Dataset:
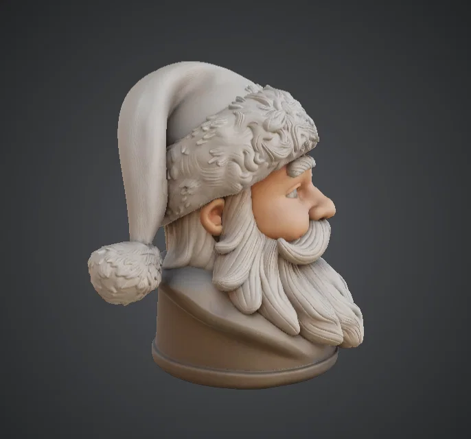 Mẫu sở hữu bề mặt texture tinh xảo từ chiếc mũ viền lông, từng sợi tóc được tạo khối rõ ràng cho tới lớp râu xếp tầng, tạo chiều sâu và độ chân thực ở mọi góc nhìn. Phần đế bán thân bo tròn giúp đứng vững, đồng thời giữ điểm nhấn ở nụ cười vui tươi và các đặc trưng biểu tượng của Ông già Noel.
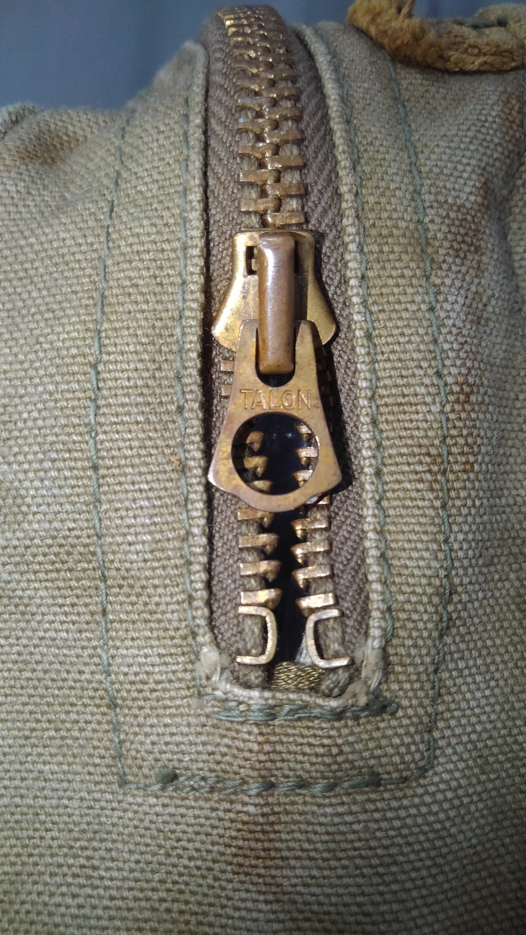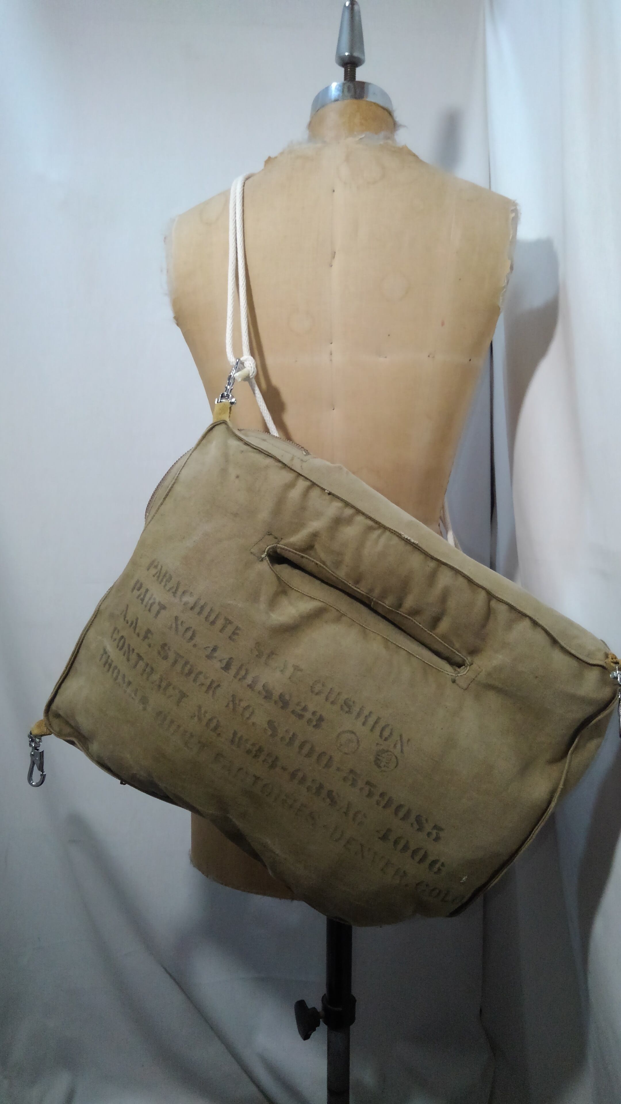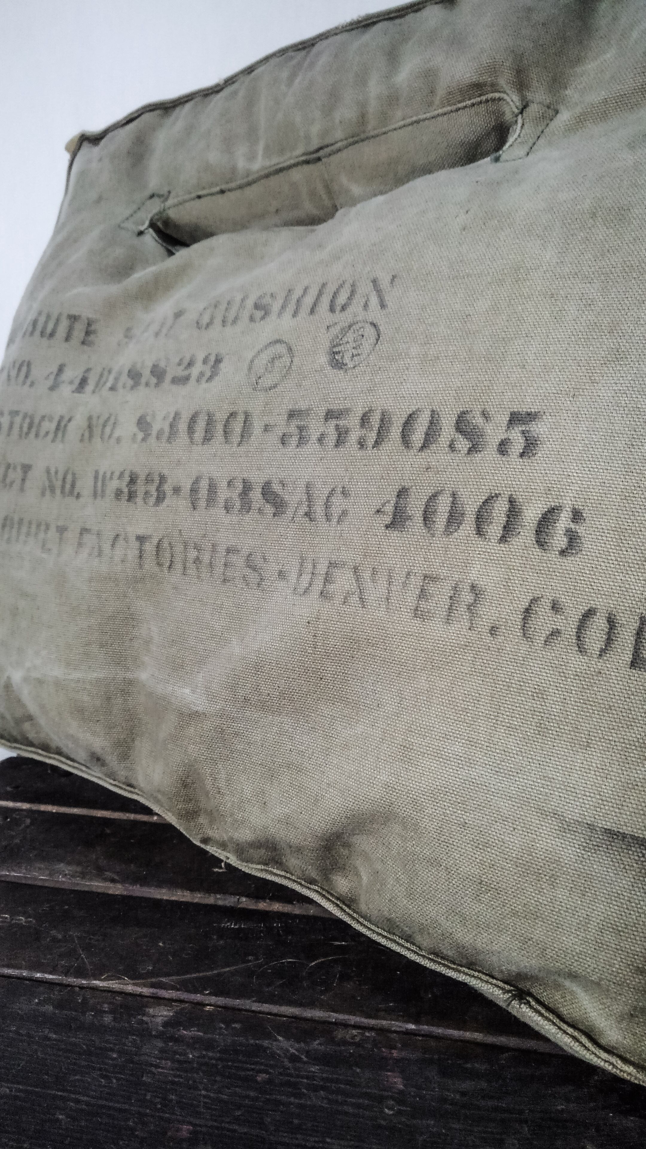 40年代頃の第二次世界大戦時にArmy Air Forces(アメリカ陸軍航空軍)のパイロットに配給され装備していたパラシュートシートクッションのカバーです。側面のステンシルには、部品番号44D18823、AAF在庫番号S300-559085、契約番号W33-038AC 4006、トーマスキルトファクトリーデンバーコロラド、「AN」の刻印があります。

==

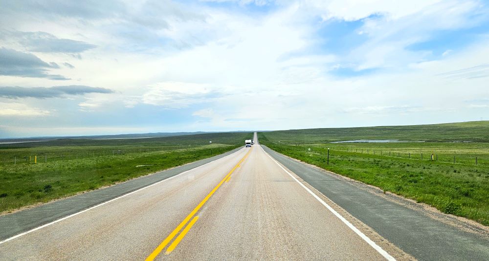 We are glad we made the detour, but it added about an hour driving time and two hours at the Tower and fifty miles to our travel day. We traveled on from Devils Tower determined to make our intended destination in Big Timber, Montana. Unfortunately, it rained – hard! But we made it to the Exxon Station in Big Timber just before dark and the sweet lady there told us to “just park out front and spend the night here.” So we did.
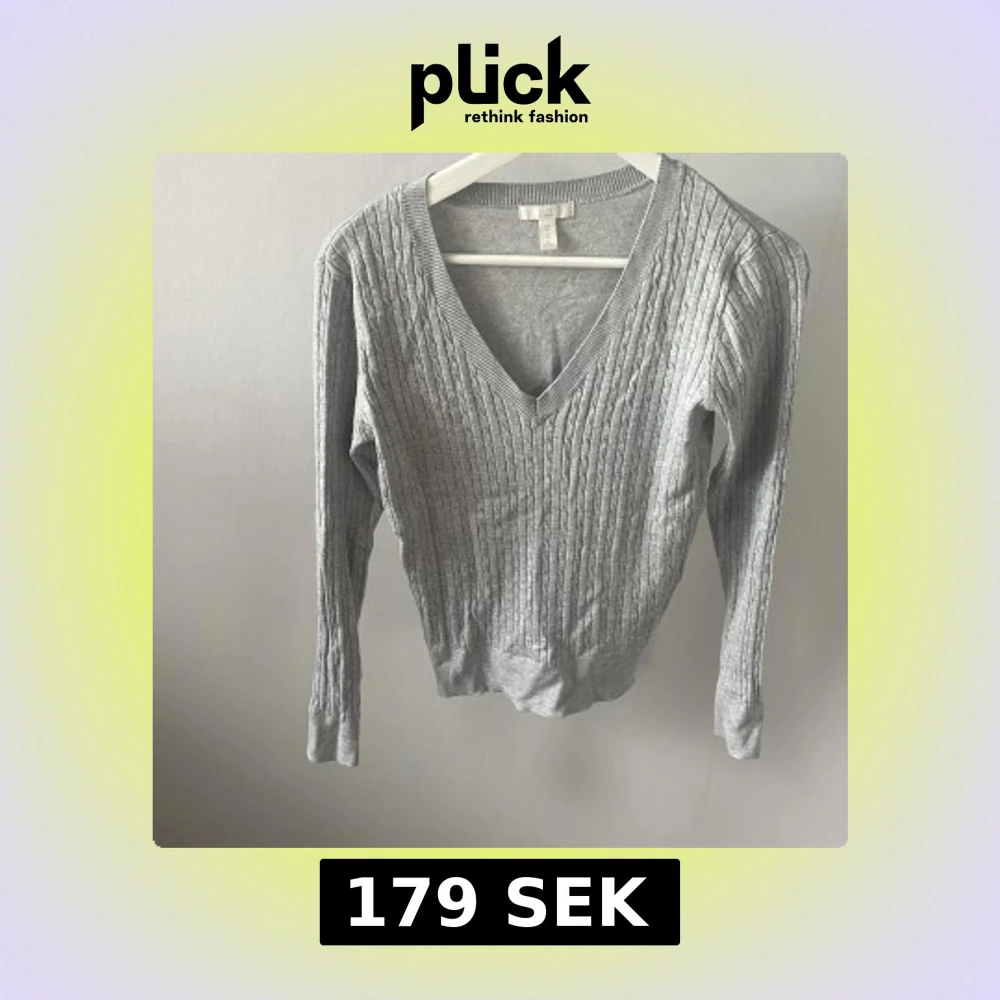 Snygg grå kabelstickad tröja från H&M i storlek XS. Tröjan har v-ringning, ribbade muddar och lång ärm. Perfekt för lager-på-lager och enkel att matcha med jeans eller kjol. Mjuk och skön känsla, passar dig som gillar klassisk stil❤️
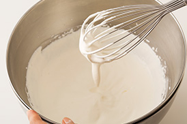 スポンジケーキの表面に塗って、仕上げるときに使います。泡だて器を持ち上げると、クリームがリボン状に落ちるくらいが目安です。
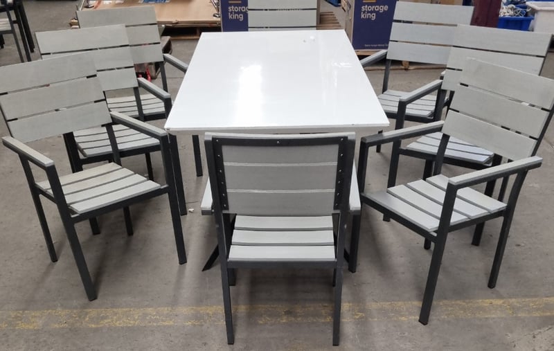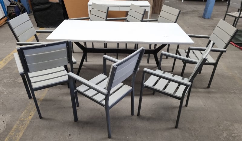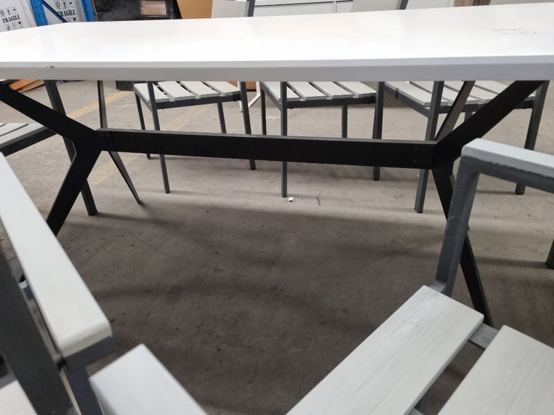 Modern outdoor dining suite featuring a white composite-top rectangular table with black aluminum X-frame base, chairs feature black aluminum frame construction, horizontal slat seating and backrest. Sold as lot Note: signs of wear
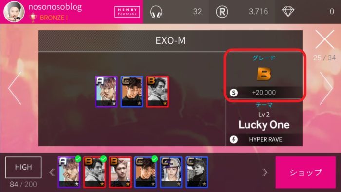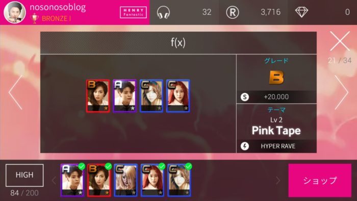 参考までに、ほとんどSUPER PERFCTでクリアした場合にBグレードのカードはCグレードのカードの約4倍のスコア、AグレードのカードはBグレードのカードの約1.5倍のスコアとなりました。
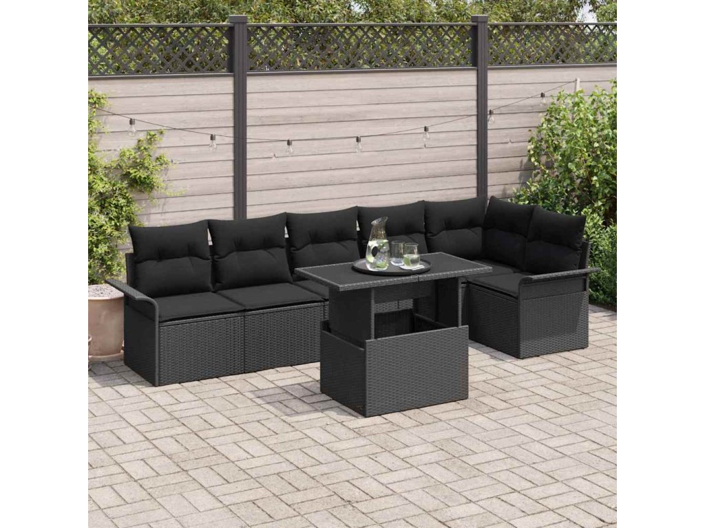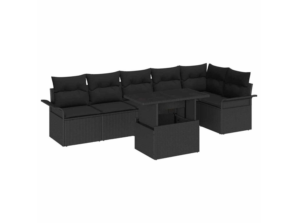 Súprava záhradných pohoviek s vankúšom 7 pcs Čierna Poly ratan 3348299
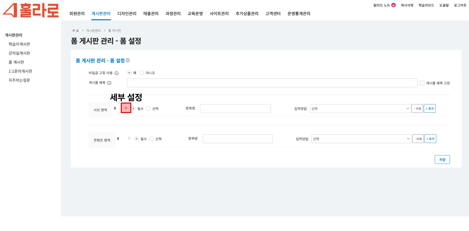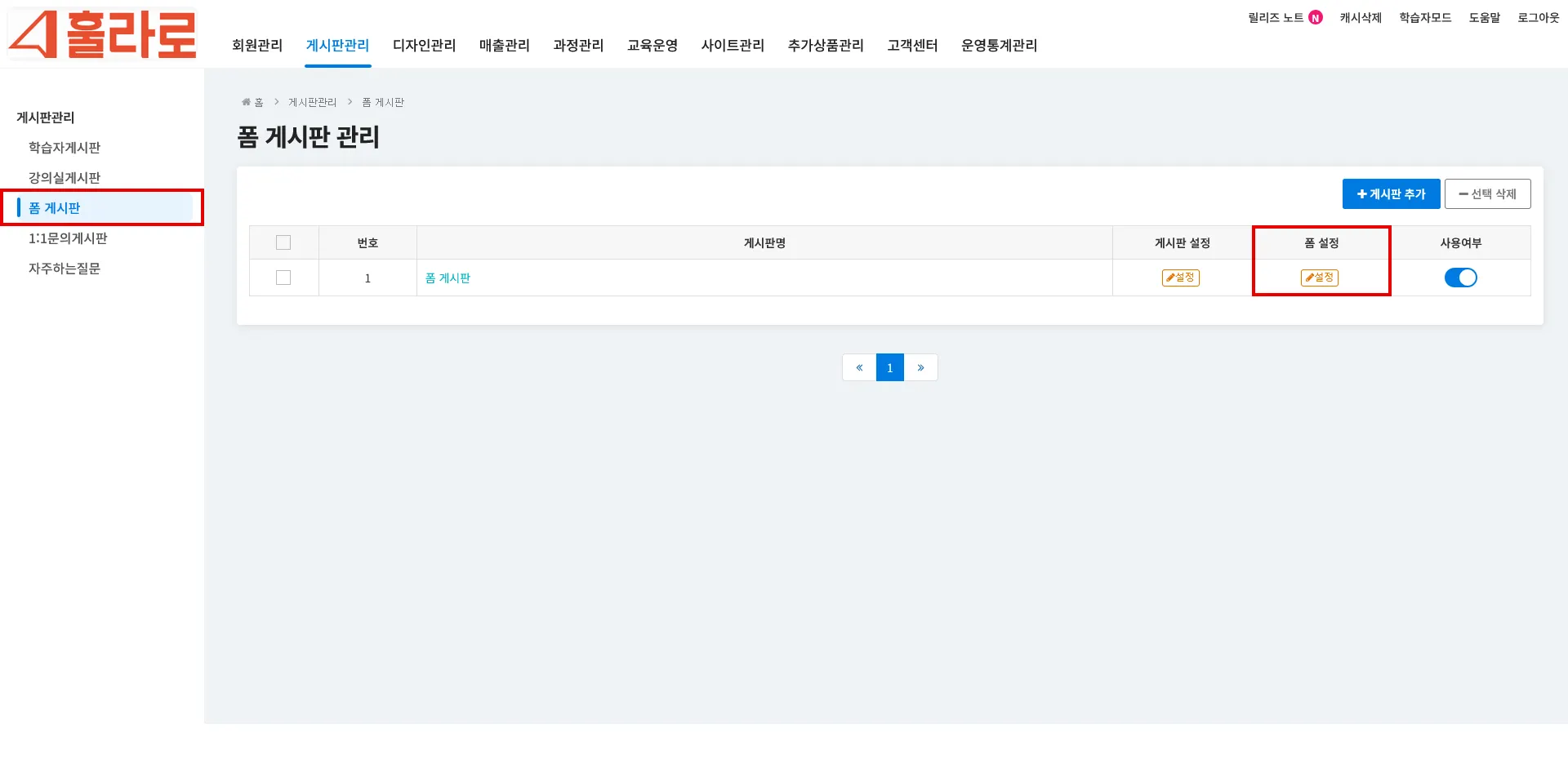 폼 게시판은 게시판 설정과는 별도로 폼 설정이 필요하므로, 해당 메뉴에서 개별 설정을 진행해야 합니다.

Work to complete: Quote the data above exactly from the line with "Modern outdoor dining" to the line with "폼 게시판은 게시판 설정과는", both ends counted, and nothing else. Pictures don't go in.

Answer to this exercise:
 Modern outdoor dining suite featuring a white composite-top rectangular table with black aluminum X-frame base, chairs feature black aluminum frame construction, horizontal slat seating and backrest. Sold as lot Note: signs of wear
 参考までに、ほとんどSUPER PERFCTでクリアした場合にBグレードのカードはCグレードのカードの約4倍のスコア、AグレードのカードはBグレードのカードの約1.5倍のスコアとなりました。
 Súprava záhradných pohoviek s vankúšom 7 pcs Čierna Poly ratan 3348299
 폼 게시판은 게시판 설정과는 별도로 폼 설정이 필요하므로, 해당 메뉴에서 개별 설정을 진행해야 합니다.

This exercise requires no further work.